The newspaper clippings from the accident gave the final clue. The bridge was "a mile east of the depot." Find the old depot, find the bridge. And sure enough, tracing the tracks northeast from the depot site there was a railroad bridge crossing the River Styx. Checking a current satellite image of Rittman, I found that the bridge was still there. Obviously, it wasn't the exact same bridge from 1899, but it was in the same location. With deadlines and other delays, it wasn't possible to go to the site to examine it, but by August our schedules lightened up enough that Jeri and I set out to make the trip to Rittman and visit the real haunted River Styx bridge.

The sun was just beginning to set when we arrived on the fringe of the Morton Salt plant east of town. And there it was: a faded pale green plate girder bridge stretching across a 100 foot span above the River Styx. Though it was in poor condition, it showed some signs of use. The old tracks heading to Barberton were very warped and uneven. But aside from the slow, steady flow of traffic along Ohio Avenue, the area was quite peaceful. On the west abutment, we held a makeshift investigation with minimal equipment. Our main goal was to document the site, not find definitive evidence of the haunting. As the light faded and darkness set in, we checked out a nearby pond. Mosquitoes were bloodthirsty and relentless, so we didn't end up staying very long.

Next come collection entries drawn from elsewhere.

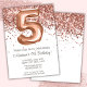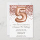 Rose Gold 5th Birthday Party Invitation et or rose élégant moderne 5th anniversaire invitation pour une fille de 5 ans avec écriture de script moderne et des ballons de papier amusant.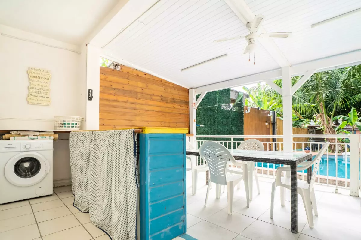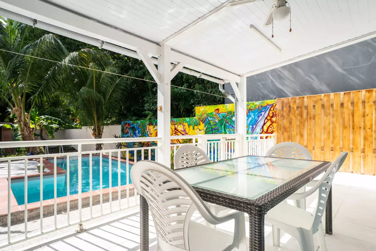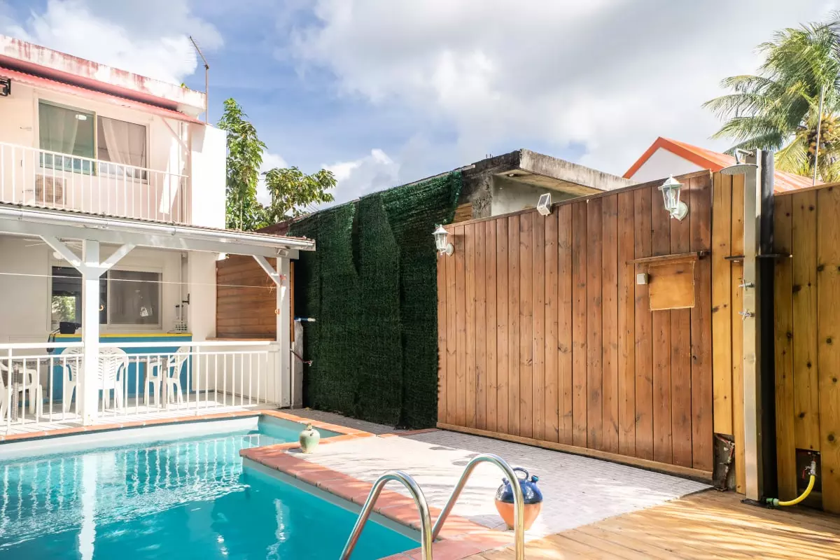 Laissez-vous séduire par le jardin tropical où se niche une piscine privative, parfaite pour des moments de détente sous le soleil des Caraïbes. La terrasse couverte avec un coin bar invite aux apéritifs conviviaux après une journée de découverte. Et pour les surfeurs, c’est l’endroit idéal pour se relaxer après une session exaltante.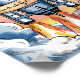 Un ilustracion acuarela de un cohete con una gran cruz sobre él. El cohete está rodeado de nubes. Hay un cartel adjunto al cohete con el texto "Lanzamiento en la aventura de Dios". El fondo es un cielo azul vibrante con nubes blancas onduladas.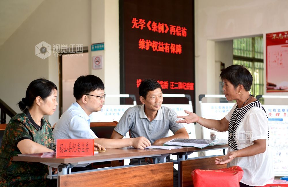 2021年7月21日,在江西省上饶市铅山县汪二镇,该县纪委县监委干部在接待来访群众。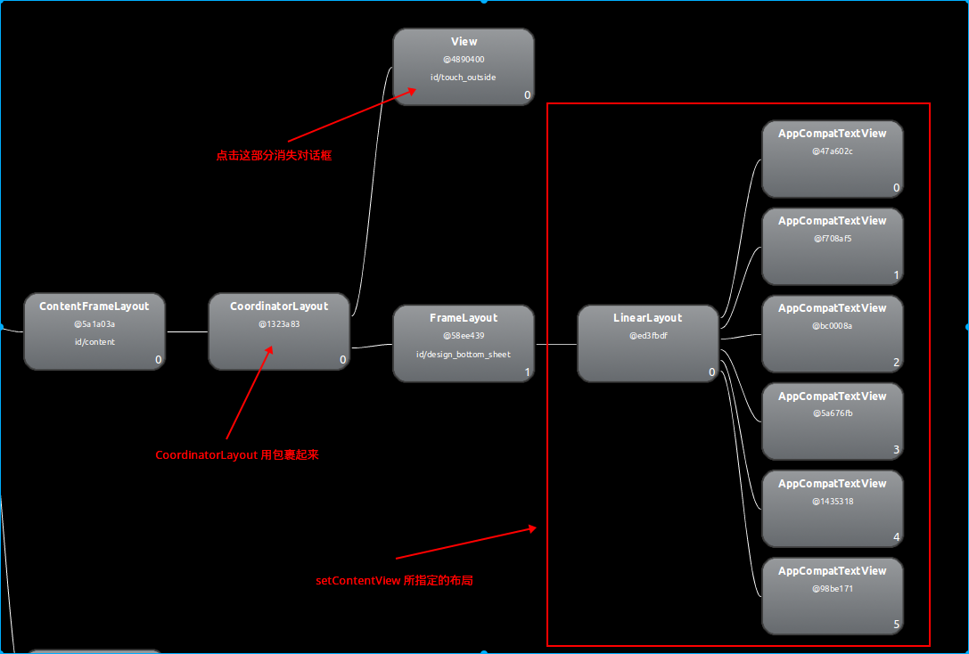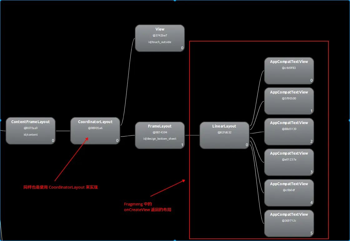 BottomSheetDialog继承于Dialog,当我们通过setContentView方法传入自定义布局的时候,它会将这个布局使用CoordinatorLayout包裹起来,所以当使用BottomSheetDialog的时候,底部菜单和根布局并不属于同一个window:

Though our trip was brief, there was something wonderful about visiting a site forgotten by history for so long. Newspapers in 1900, 1901, and 1902 reported encounters with a phantom train along those tracks. Over the next century, the story lived on and evolved, changing locations to the bridge outside of Medina. Indeed, the Medina steel trestle makes for a more interesting place to imagine a train wreck. Had a locomotive plunged into the valley at that location, it might have resembled the Ashtabula Bridge Disaster (which is likely what caused the reimagining of the incident).

River Styx Bridge
Jeri has planned a proper investigation of the site for October on the anniversary of two ghostly sightings in Rittman. Hopefully, something significant will happen; after more than a century of neglect and with no recent reports of anything unusual at the location, I'm reluctant to expect anything noteworthy. These true tales have been too long ignored by the people of northeast Ohio. Today, many paranormal investigators prefer the popular, well-trodden "hot spots" popularized by television instead of obscure places which have faded from memory long ago. Yet our paranormal history should not be forgotten.